В таких разговорах и день прошел. На ночь Марина снова дала больному травяной отвар. Потом пошла в кухню. Управившись по хозяйству, заглянула в комнату. Роман мирно спал. Она постояла тихонько, полюбовалась. Пожалела, что у него больше нет температуры, что не надо его обтирать и делать компрессы. А так хотелось еще посмотреть на полуголого Полынина, мечту всех девушек… И не просто смотреть, а даже прикасаться к божественному телу! Но что зря Бога гневить, ей и так несказанно повезло: и видела, и прикасалась, и даже разговаривали они так долго. Ведь два дня назад и представить себе не могла, что выпадет ей столько счастья!

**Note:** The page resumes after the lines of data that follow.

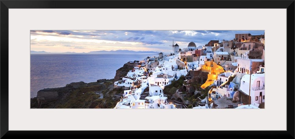 <p>Greece, Aegean islands, Cyclades, Santorini island, Greek Islands, Oia village illuminated at dusk.</p>
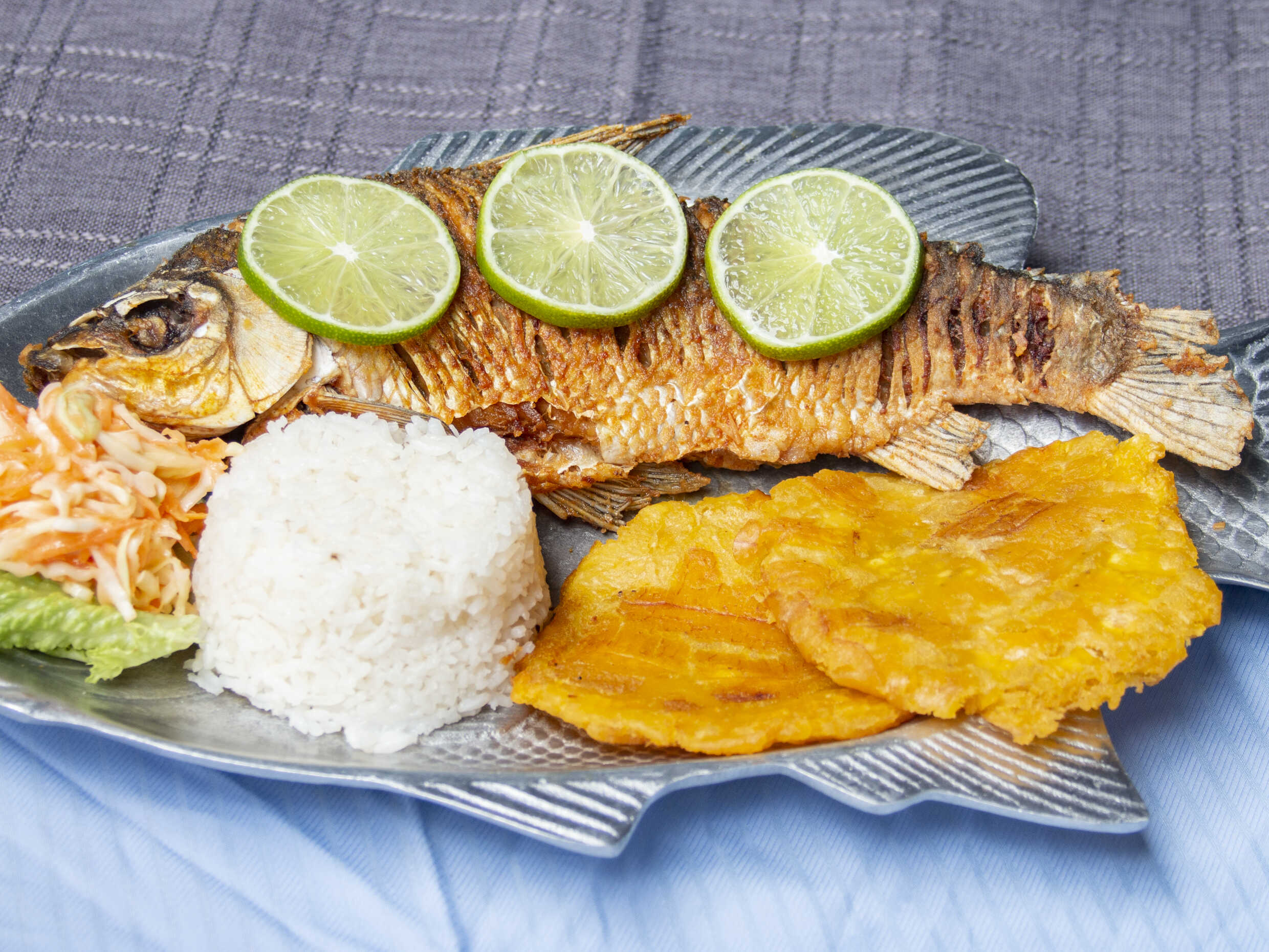 Delicioso bocachico frito acompañado de arroz, patacon, ensalada, sopa del dia y limon
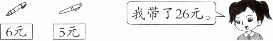 (1)答案不唯一,如:$26 \div 6 = 4$(支)……2(元) 可以买 4 支 6 元的笔 (2)买 1 支 6 元的笔!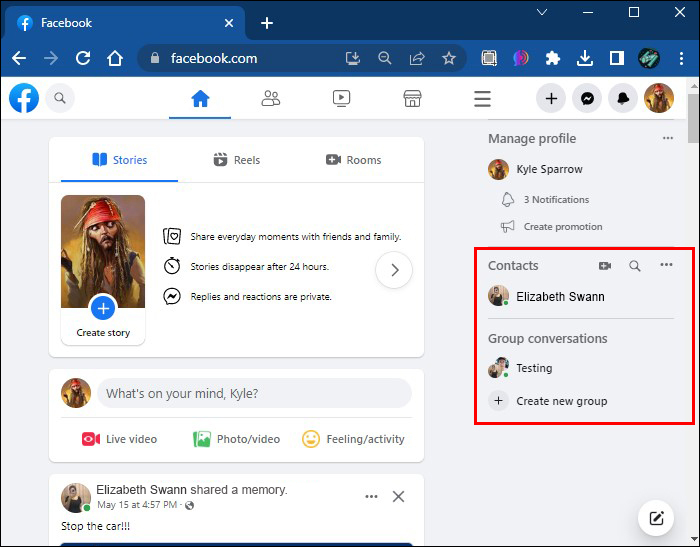 - Click the “messenger” icon at the top of the screen will appear. Here you can see all the people who are active by the green dot next to their icon.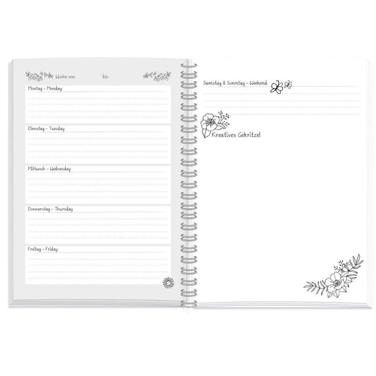 Roth Scribble Timer 2.0, Wire-O-Bindung, 1 Woche 2 Seiten + extra Ausmalseiten, immerwähren
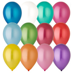 Шар из натурального латекса. Ассорти из 10-12 цветов (в случайном соотношении), одного типа - металлик - шар с металлическим блеском. Предназначенный для использования в оформлении и розничной продаже.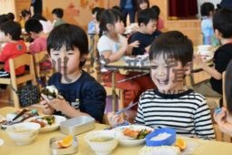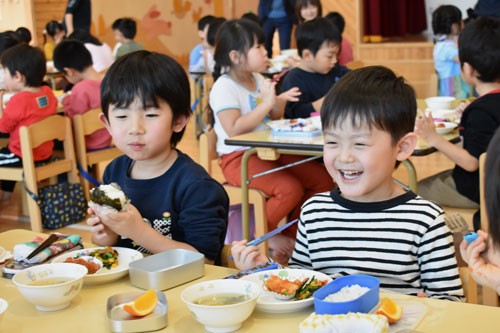 [写真/地元産のタラ料理を楽しむ園児 ]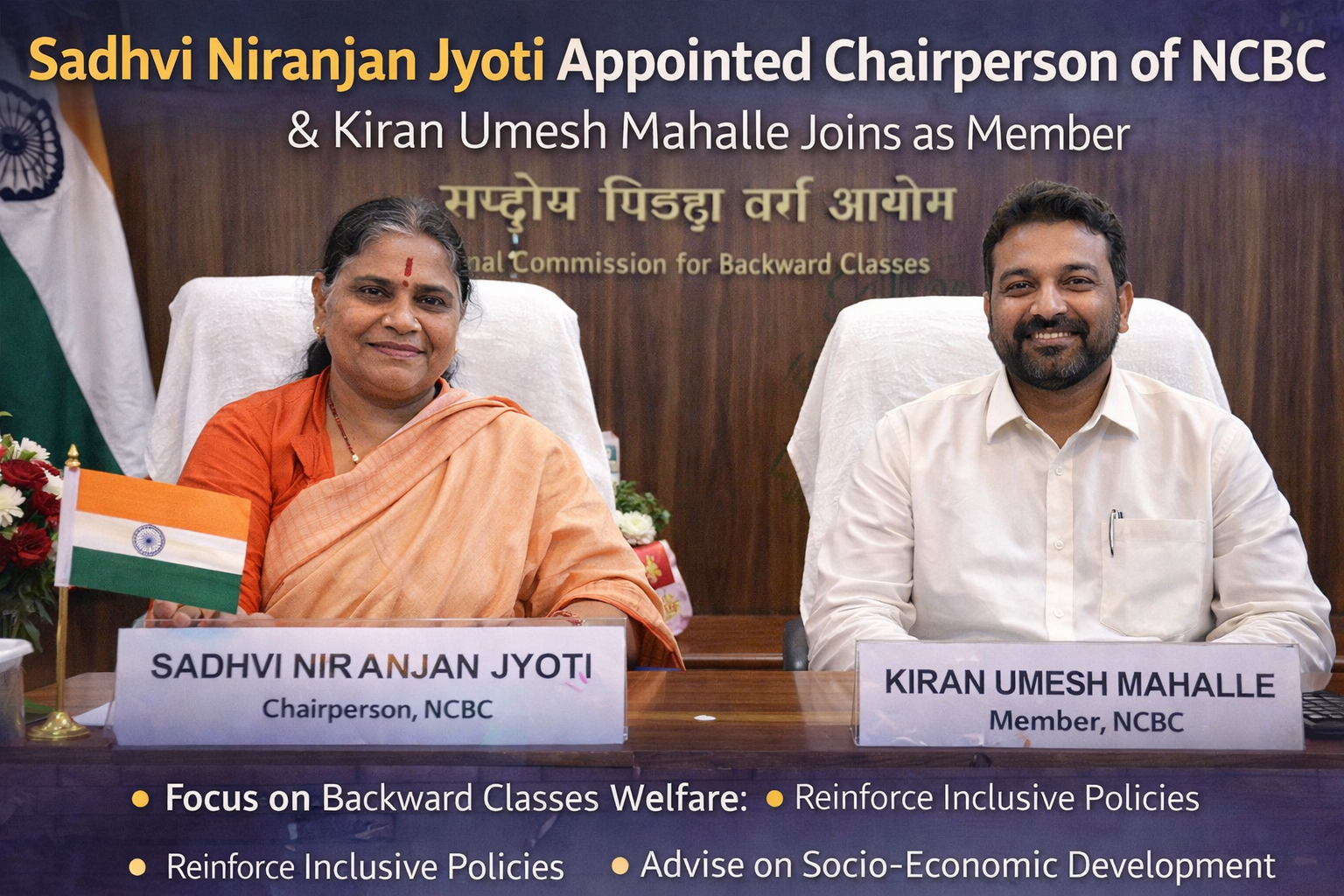 In an important development, Sadhvi Niranjan Jyoti has assumed charge as the Chairperson of the National Commission for Backward Classes (NCBC). Alongside her, Kiran Umesh Mahalle has taken over as a member of the commission.

Тихонько вздохнув, она вернулась в кухню и снова умостилась на ночь на диванчике-развалюшке. Засыпая, улыбалась, вспоминая такой счастливый день. Наверное, самый счастливый за всю жизнь.


Этой ночью они оба нормально выспались. Жар у Романа пошел на спад, уже его не беспокоил. Только сил было маловато, конечно. Поэтому он снова почти весь день лежал. Марина же, тихонько напевая, возилась на кухне: кашу варила, снова травяные настои делала.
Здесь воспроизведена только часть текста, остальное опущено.